Call this sum $S$. Now subtract from $S$ the sum $$\frac{1}{4}+\frac{1}{4^2}+\frac{1}{4^3}+\cdots.$$ If we do it in the obvious way, term by term, we obtain $$\frac{1}{4^2}+\frac{2}{4^3}+\frac{3}{4^4}+ \cdots.$$

Note that this last sum is $(1/4)S$.

Putting things together, and using your computation for $1+1/4+1/4^2+\cdots$ (not quite, we start at $1/4$) we get $$S-\frac{1}{3}=\frac{S}{4}.$$ Solve for $S$. We find that $S=4/9$.

Comment: The calculation is a little sloppy, it assumes that infinite sums can be manipulated much like finite sums. There are theorems about power series that one could use to justify the manipulations.

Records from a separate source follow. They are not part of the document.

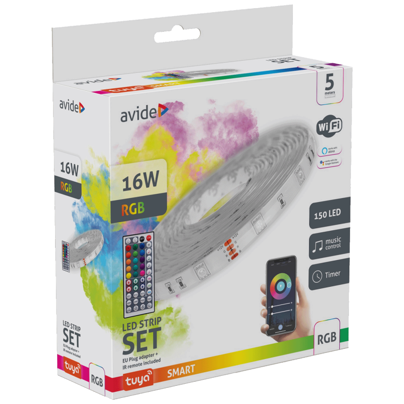 Avide LED Strip Blister 12V 16W RGB 5m TUYA može biti savršen izbor za uređenje doma ili ureda, zabave ili ugodne večeri. Lako se postavlja i koristi, tako da svatko može lako uživati u šarenoj i atmosferičnoj rasvjeti.
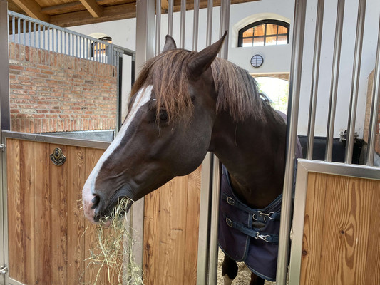 Im Bereich der Zucht von Dressurpferden gilt dieses als eine der besten Adressen weltweit. Wenn man es nicht gesehen hätte, würde man nicht vermuten, dass hier Pferde beheimatet sind. Das Haupthaus mit der Reithalle wirkt eher wie das Clubhaus eines elitären Golf-Clubs. 99% der Oldtimer in Deutschland dürften Stellplätze haben, die von der Einrichtung her auch nicht einmal annäherungsweise so schön gestaltet sind. Quasi ein 5 Sterne Plus Hotel für Pferde.
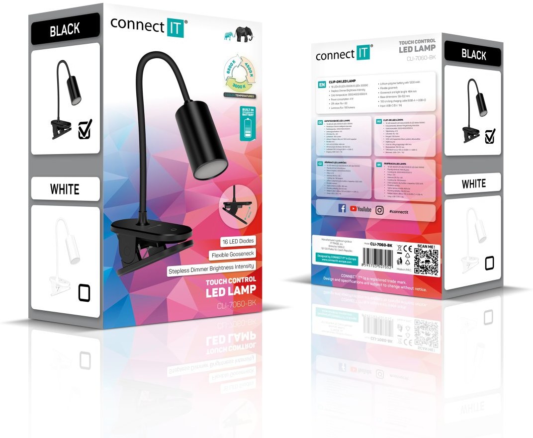 Connect IT Clip 2, stolná LED lampa s klipom, čierna
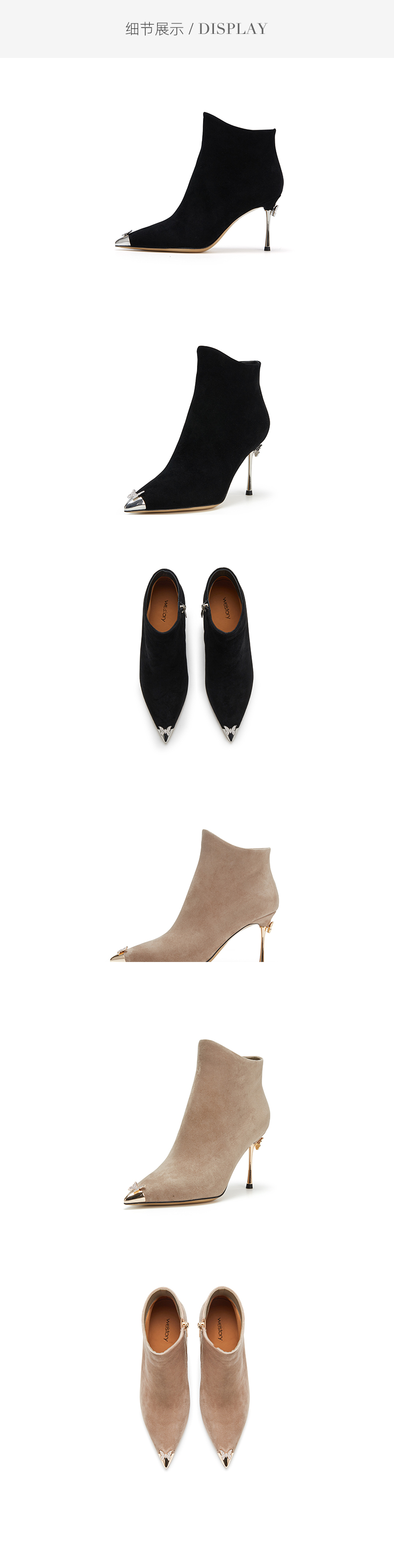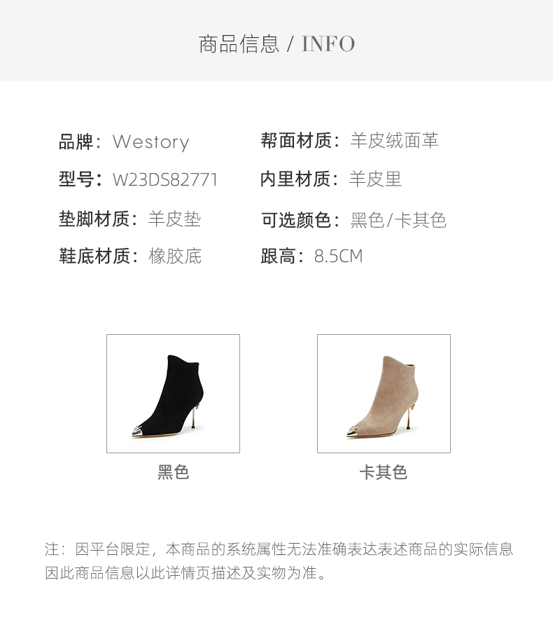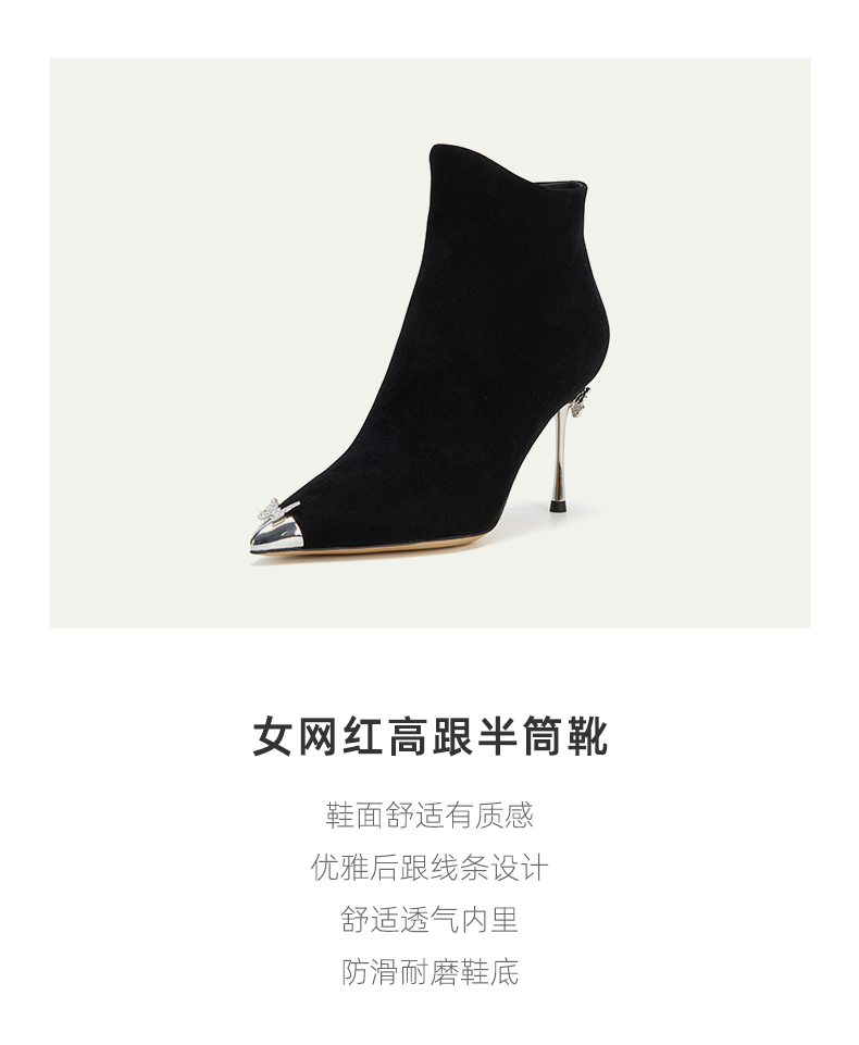 westory2023秋季新品女网红高跟半筒靴金属尖头细跟脚踝靴W23DS82771

But (in this case) we do not need such theorems. Let $S_n$ be the sum of the terms up to the term $n/4^n$. More or less the same sort of calculation as the one I did can be used to find an explicit formula for $S_n$. Then we can calculate $\lim_{n\to\infty}S_n$, and get a fully rigorous derivation.

We could use the results of the calculation of $\sum n/4^n$ to tackle $\sum n^2/4^n$, and so on. But the derivatives approach is certainly slicker!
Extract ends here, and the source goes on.